Namun seringkali, hal tersebut tidak ia rencanakan matang. Acara walimahan ia serahkan sepenuhnya kepada panitai (dari keluarga atau masyarakat). Kemudian menjelang acara ia USUL/MEMINTA agar lokasi dipisah. Panitia pun tidak mau karena dianggap tidak lazim. Akhirnya, si akhwat hanya bisa PASRAH.

 

Dimana salahnya?

Nah, ternyata si akhwat tadi tidak membuat perencanaan detail. Harusnya ia membuat rencana detail tentang acaranya. Perencanaan tersebut kemudian ia sampaikan kepada bapak/walinya. Tentu targetnya harus disetujui. Perencanaan ini tidak harus menunggu ada calon suami ya. Bisa jadi perencanaan ini disampaikan LIMA TAHUN sebelum pernikahan. Tentu calonnya juga belum ada. Mengapa harus jauh hari? Tentu karena menjelaskan sebuah rencana yang tidak lazim di masyarakat bukanlah perkara mudah. Perlu menjelaskan dalil-dalilnya, contoh-contohnya, juga meyakinkan dalam aspek konsekuensi sosialnya.

 

Jika sudah sefrekuensi dengan ayah/wali, maka transfer berikutnya adalah kepada panitia. Kali ini tentu dilakukan ketika sudah dekat waktunya, ketika sudah ada calon suami.

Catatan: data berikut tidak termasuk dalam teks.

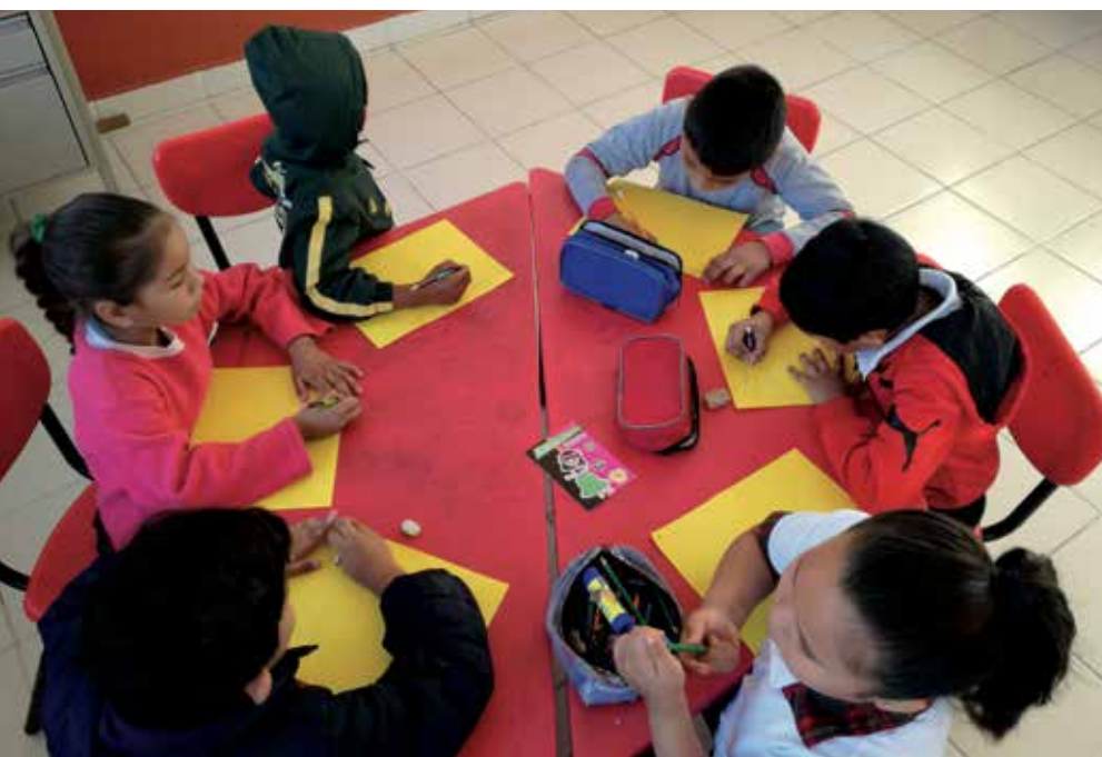
Infants de l'escola multigrada Alfonso Arroyo Flores del municipi Puente Nacional, estat de Veracruz.

tota una vida d'experiències en l'escola rural que no coneix ningú». Sifuentes explica que alguns col·lectius de mestres que participen en espais de conversa per a docents multigrada han començat a dissenyar conjuntament materials educatius i a establir grups de suport. «Es comencen a moure estructures que esperem que aviat es tradueixin en polítiques», afirma Sifuentes. I conclou: «Ningú no s'ha assegut i ha pensat en l'educació rural des de les altes esferes, però ho estem fent nosaltres des de baix. I potser, si empenyem prou, algun dia ens escoltaran». ●
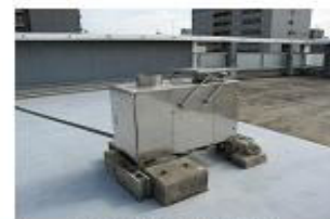
降水自動捕集装置
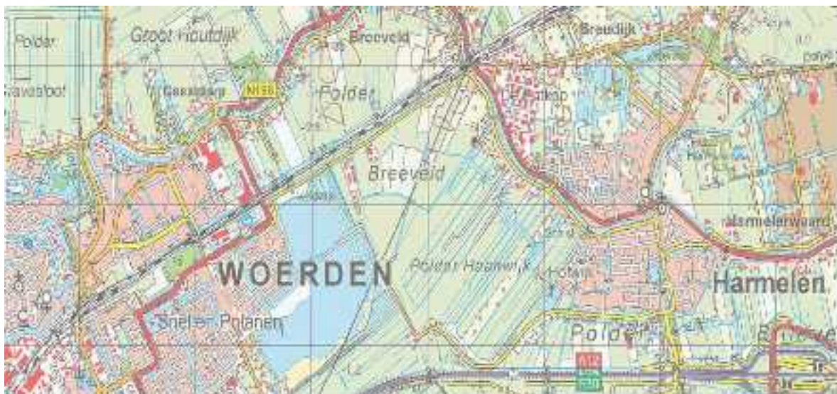
Polder Haanwijk tussen Woerden en Harmelen

De sluis in de Rijn bij de Hollandse Kade van Haanwijk dateert oorspronkelijk uit 1660 en kwam in plaats van de Haanwijkerdam. De Haanwijkerdam, Heldam en Stadsdam werden opgeworpen toen de Rijnmond verzand raakte en daardoor de afvoer van water via de Rijn werd belemmerd.

Caranya, bukan dengan meminta tolong kepada masyarakat secara PASRAH BONGKOKAN. Tetapi dengan strategi sebagai berikut :

Pertama, menyampaikan bahwa anak gadis alhamdulillah sudah dilamar seorang pemuda, dan akan segera akad nikah.

Kedua, keluarga sudah membuat rancangan acara dan rancangan kepanitiaan.

Ketiga, rancangan acara adalah sebagai berikut (jelaskan dengan gamblang). Titik kritisnya : Di sini yang punya gawe adalah keluarga. Maka acara model apapun, ya terserah keluarga. Mau disetting seperti apa, tempatnya seperti apa, ya itu hak prerogratif keluarga. Siapapun (termasuk Pak RT, Pak Dukuh, sampai Pak Lurah pun) tentu tidak punya hak dan tidak bisa mengintervensi.

Keempat, rancangan kepanitiaan adalah sebagai berikut (jelaskan). Titik kritisnya adalah : Panitia tidak harus hanya dari satu sumber yaitu dari masyarakat sekitar saja, tapi bisa dikombinasikan dengan keluarga dan teman di organisasi dakwah. Sesuaikan posisi kepanitiaan dengan latar belakangnya.

Kelima, susun dan deklarasikan susunan kepanitiaan. Ada SC dan OC. Panitia SC adalah dari keluarga inti (akhwat yang akan menikah adalah anggota SC, sementara ketua SC adalah ayah/wali). Sementara panitia OC adalah kombinasi dari : keluarga besar, masyarakat sekitar, dan teman di organisasi dakwah. Tentu saja ada ketua panitia, sekretaris, bendahara, koordinator seksi, dlsb. Berikan job description masing-masing panitia. Konsekuensinya, siapapun tidak bisa mengintervensi kepanitiaan (walaupun dia Simbah, Pak Dhe, Budhe, Pak Lurah, dlsb). Kalau bukan panitia, ya manut saja. Sementara, panitia juga dibatasi kewenangannya sesuai posisinya di dalam kepanitiaan. Panitia OC tidak berhak mengubah rancangan yang sudah dibuat panitia SC. Jika konsep dari SC adalah tempat tamu laki-laki dan perempuan adalah terpisah, maka ketua OC dan siapapun tidak berhak mengganti dengan mencampurnya.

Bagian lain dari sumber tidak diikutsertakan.